One would have to wonder what Edward Berger has intended, director of the new film adaptation of Remarque’s novelthe first German national. The movie was awarded four Oscars in the last edition of the awards: for the best non-English language film, best production design, best cinematography and best soundtrack.
Berger is not, as Remarque was, a survivor of the Great War who turns to literature as a cathartic means of overcoming trauma. However, the anti-war reinterpretation that he makes of the novel is also functional: it seems intended to express a reflection or perhaps the confluence of various thoughts on German memory, their collective identity in the course of the 20th century and their present.
Naturally, this revisionism is not neutral. Regarding the novel, there is a change of perspective and a departure from literalness. For this reason, the relevance or otherwise of Berger’s tape has given rise to some critics in Germany. One of them (the most practical) points to a political debate about the justification of the war and rearmament in Europe. However, the most latent controversy indicates the breaking of the pact of silence about the feeling of blame in Germany.
Too much blood, sweat and tears
Like the novel, Berger’s film tells the moral collapse of young recruits in the Imperial German Army during World War I through the story of Paul Bäumer (played by Austrian actor Felix Kammerer). At the heart of the novel beats, among others, the idea that “the war has brutalized us”.
As mentioned, the anti-war dimension is present in both stories, although in a more explicit and total way in Berger’s work. In her, the omission of indoctrination agents, the absence of elements of contrast between the ordinary life of young people and life at the front or the disappearance of the dialectic between the spiritual and the material dominate the discourse.
While Remarque is more subtle in his criticism, concentrating it on the nonsense of war and the distinction between State and Fatherland, in Berger the Army appears as the culprit of the tragedy, because of a kind of military warmongering disconnected from reality of people, in the face of a more condescending and friendly State.
Also the end of the novel and the film diverge. Remarque ends the story of Paul Bäumer a month before the signing of the Armistice. Instead, Berger matches this with the young soldier’s tragic end. So, encourages pathos by exaggerating the tragic incident in the six hours that historically separated the signing of the Armistice from its entry into force.
Remarque was not looking for this effect. The end of the novel happens on a day when there was no news at the front. Berger makes it coincide with the only day that there was. This little detail substantially changes the meaning of the story and makes the title of the film fallacious.

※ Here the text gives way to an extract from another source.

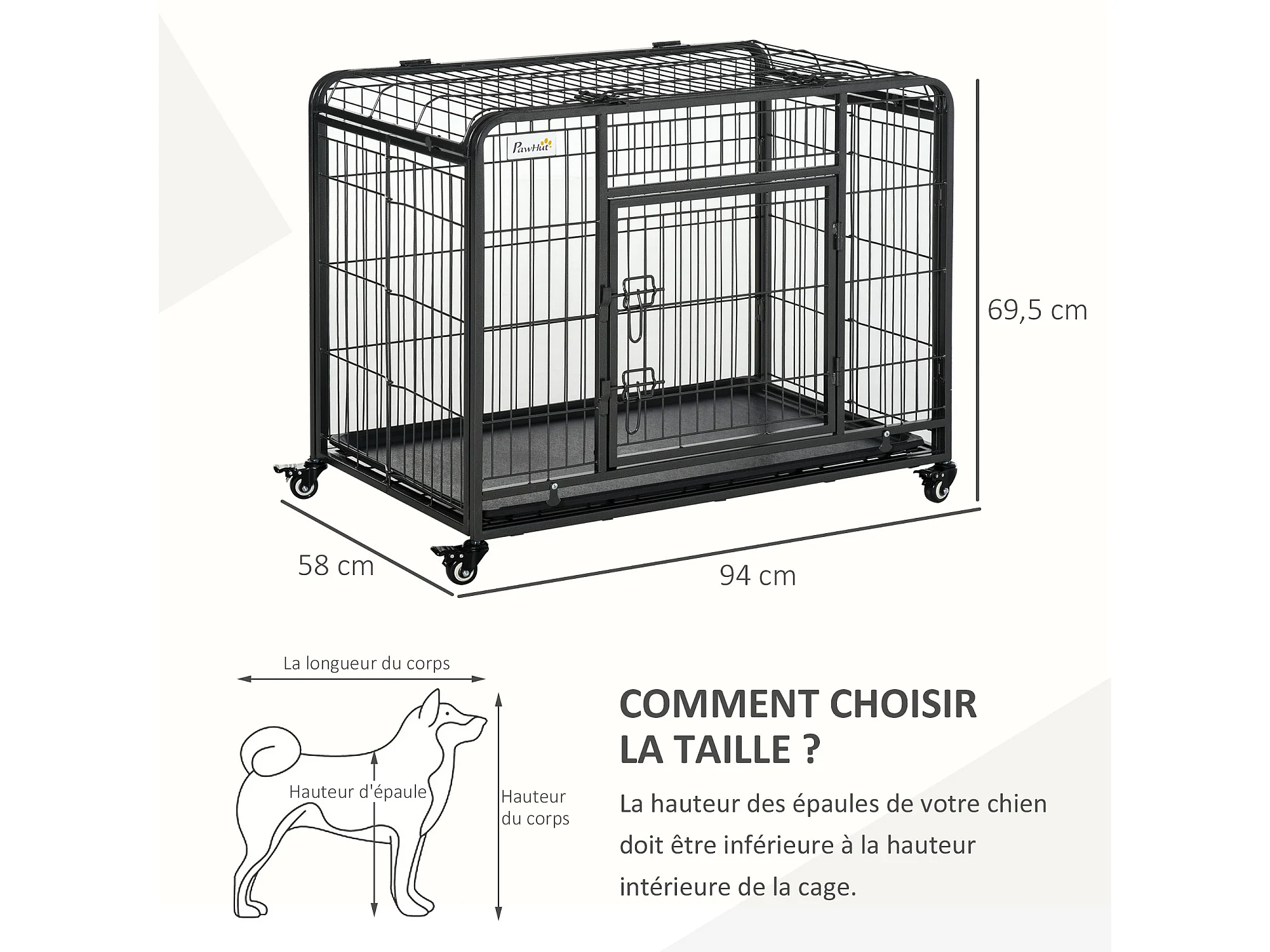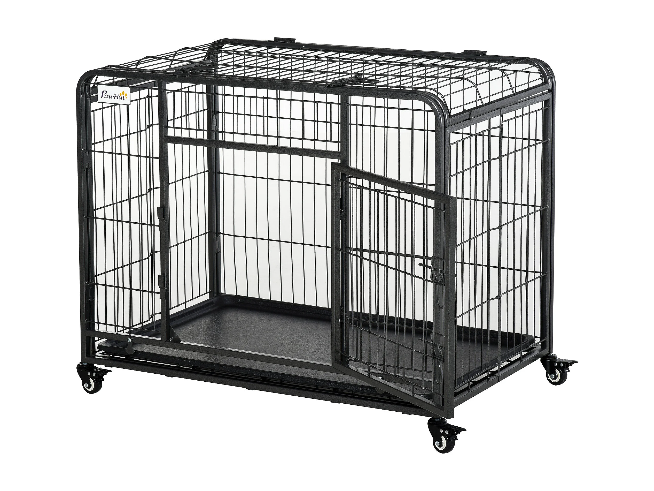 Cage pour chien pliable cage de transport sur roulettes 2 portes verrouillables plateau amovible dim. 94L x 58l x 69H cm métal gris noir

Versions of a fateful experience
In 1930, the American director Lewis Milestone first adapted Remarque’s novel, turning the story into a war movie classic. With her, won the Oscar for best picture.
In Europe it was not without controversy. In that decade of decline, in addition to the closeness in time, the wound of the war was still open, the economic crisis had just broken out and National Socialism was advancing in Germany. These factors made it difficult for the tape to be received, which was banned in several countries or screened with censored scenesand the consideration of the same Remarque in his own country.

The second adaptation of the novel was for television, in 1979. Directed by the American Delbert Mann, supposed a recovery of the story of Remarque reaching a notable result with airs of filmed theater.
Berger’s film, produced by a platform, is characterized by image stylization thanks to a careful photograph that seems to want to recreate a claustrophobic environment.
Berger uses visual metaphors to show how soldiers blend in with the leaden gray of the battlefield sky, or become green with the moss of the mudflats in which they fight hand-to-hand. It turns out to be a stylistic success. to the extent that it expresses their annihilation as human beings.
In addition, self-reflection predominates more than the story of events. This weakens the force of a script made up of almost pictorial portraits.who are only united by a protagonist who is still alive and who embodies the eyes of the viewer.
Not “only the facts count for us”, also the feelings
The devastation produced by the war finds another aesthetic correlate in the soundtrack composed by Volker Bertelmann. Through the thunderous and insistent force of three notes sustained in timeBertelmann infuses an anti-heroic judgment that engulfs the entire narrative.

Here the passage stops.